Collectively, our study provides novel insights into the regulatory role of FABP3 on cellular metabolism following TAC-induced cardiac hypertrophy. Meanwhile, targeting FABP3 with agonist may represent an attractive approach to alleviate deranged metabolic milieu in cardiac hypertrophy and achieve the goal of improved heart function.

Animals and generation of FABP3-KO mice

C57BL/6 male mice were purchased from SLAC Laboratory Animal Co., Ltd (Shanghai, China). Global Fabp3 knock-out mice were generated using the CRISPR-Cas9 method as described previously²¹ and housed in cages at room temperature and a 12 h light/dark cycle. All animal experimental procedures were approved by the Animal Care Committee of Shanghai Jiao Tong University School of Medicine.

Transverse aortic constriction (TAC) Model

The TAC model was used to induce pathological cardiac hypertrophy in vivo as described previously⁴⁰. Briefly, 8-week-old mice were anesthetized with isoflurane, intubated, and mechanically ventilated with a low concentration of isoflurane gas (1.0%). After Opening the sternum and moving aside the thymus glands, the aortic arch was visualized and ligated with 6 − 0 silk suture against a 27-gauge needle, then removed the needle and closed the chest with 5 − 0 silk suture. Mice were observed after 15 min for recovery. Sham-operated mice underwent an identical procedure except for aortic constriction.

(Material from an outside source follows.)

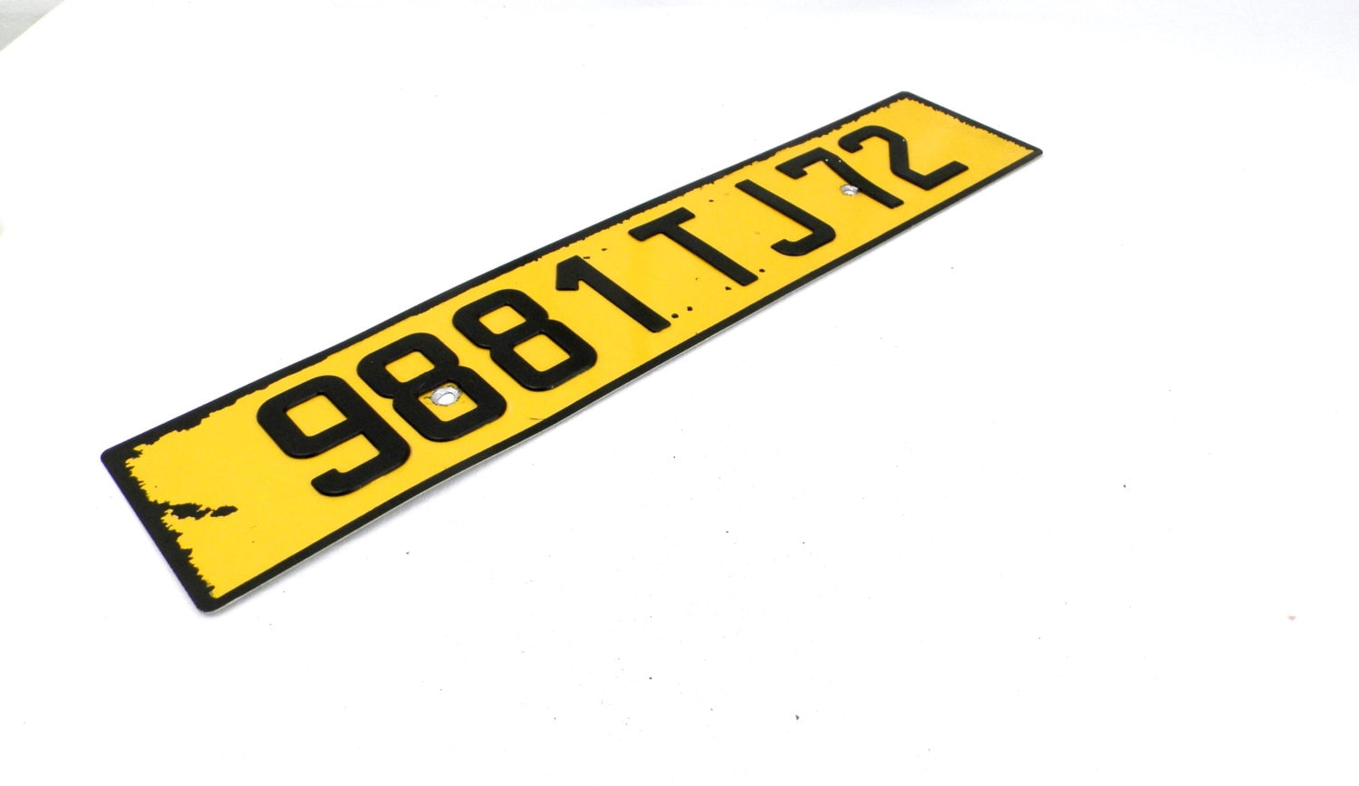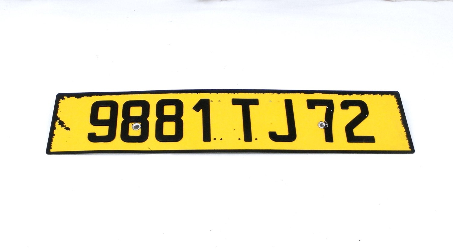 Aluminium plaque with a yellow background and black embossed plastic numbers and letters.

Western blotting analyses: Total protein extracted from mice organs and cultured cells using SDS lysis (50 mM Tris, pH8.1, 1% SDS, sodium pyrophosphate, β-glycerophosphate, sodium orthovanadate, sodium fluoride, EDTA, and leupeptin) were used for western blot analysis as described previously²¹. Antibodies against the following antigens were used: FABP3 (LS-C172162, LSBio, Seattle, WA, USA), GAPDH (97166, CST, Danvers, MA, USA), a-TUBULIN (66031-1-lg, Proteintech, Wuhan, Hubei, China), PPARa (sc-398394, Santa Cruz, Dallas, Texas, USA), ANP (sc-515701, Santa Cruz, Dallas, Texas, USA), MLYCD (15265-1-AP, Proteintech, Wuhan, Hubei, China), CPT1B (22170-1-AP, Proteintech, Wuhan, Hubei, China), ACC (67373-1-Ig, Proteintech, Wuhan, Hubei, China), GCK (19666-1-AP, Proteintech, Wuhan, Hubei, China). GAPDH and a-TUBULIN were used as controls. Densitometry values were measured by ImageJ for further analysis.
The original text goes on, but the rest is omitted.